Feature	Cross-Zone Replication	Cross-Region Replication
Scope	Same region, different zones	Different Azure regions
Network Transfer Cost	None	Per-GiB charge
Primary Use Case	High availability against zonal failures	Geographic disaster recovery
Latency	Lower (intra-region)	Higher (inter-region)

Cross-zone replication provides the middle ground between local redundancy and full regional failover. You protect against datacenter-level disasters without incurring the bandwidth costs of cross-region replication.

Pro Tip: The “Zone 1” you select in the Azure Portal is a logical identifier, not a physical location. Azure maps logical zones to physical datacenters dynamically for each subscription. This prevents customers from clustering resources in the same physical zone by accident.

Prerequisites

Before configuring cross-zone replication, verify your environment meets these requirements:

Feature registration: The Availability Zone Volume Placement feature must be registered in your subscription. Register it via Azure CLI:

az feature register --namespace Microsoft.NetApp --name ANFAvailabilityZone

Check registration status:

az feature show --namespace Microsoft.NetApp --name ANFAvailabilityZone

Wait until the status shows Registered before proceeding. This typically takes a few minutes.
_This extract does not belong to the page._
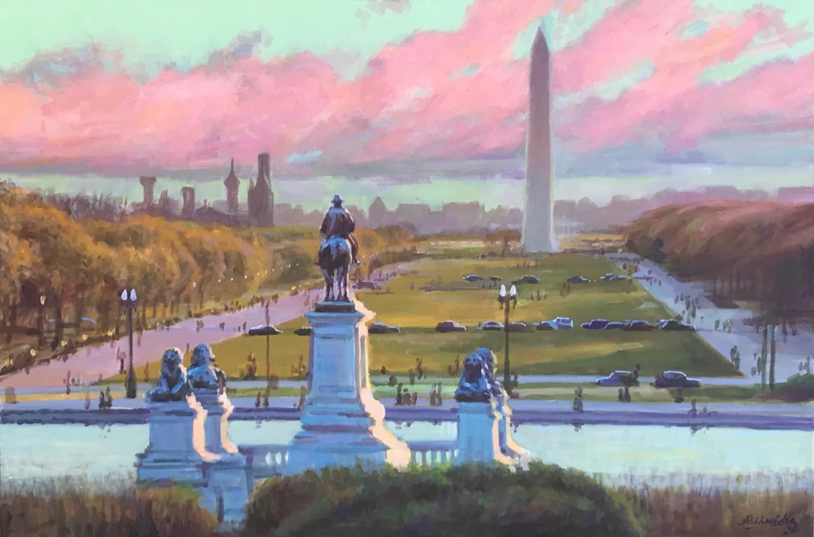 A view down the Mall towards the Washington Monument. An original 24x36 acrylic on stretched canvas, by Richard ZuMing Ho w/COA.

Regional support: Not all Azure regions support availability zones. Verify your target region has multiple zones with Azure NetApp Files available. Check the Azure NetApp Files regional availability page.
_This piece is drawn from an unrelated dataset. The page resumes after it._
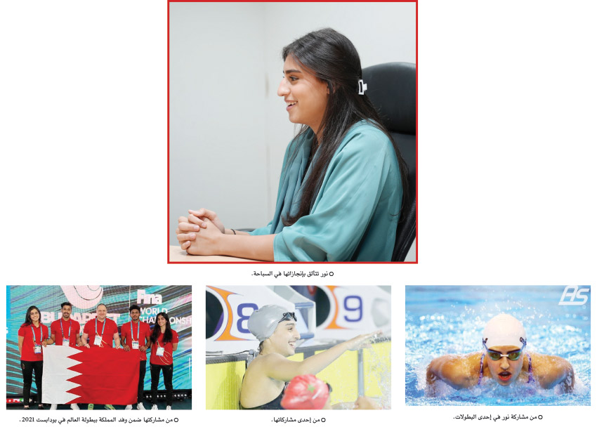 برصيد حافل من الإنجازات الخليجية والعربية، تواصل سباحتنا البحرينية نور طه (19 عامًا) تألقها في مختلف المحافل، بعد أن حققت أربع ميداليات ذهبية في البطولة الخليجية التاسعة والعشرين التي استضافتها البحرين في يوليو الماضي، وأربع ميداليات ملونة في البطولة العربية الرابعة للألعاب المائية التي أقيمت مؤخرًا في المغرب.

Azure NetApp Files account and capacity pool: You need an existing NetApp account and at least one capacity pool in the source zone. If you haven’t created these yet, follow the Azure NetApp Files quickstart.

Delegated subnets: Each availability zone requires a delegated subnet for Azure NetApp Files. The destination subnet must have sufficient free IP addresses. For NFS and SMB volumes, plan for at least four IPs per volume.

Protocol-specific requirements:

SMB volumes: Both source and destination NetApp accounts require Active Directory connections. The destination AD connection must have DNS reachability to domain controllers from the delegated subnet.
Dual-protocol volumes: You must authorize replication before the initial baseline transfer begins.

Create the Source Volume

Your source volume lives in the primary availability zone and contains the production data you want to replicate. Getting the parameters right here saves you from recreating the volume later—and yes, that happens more often than anyone admits.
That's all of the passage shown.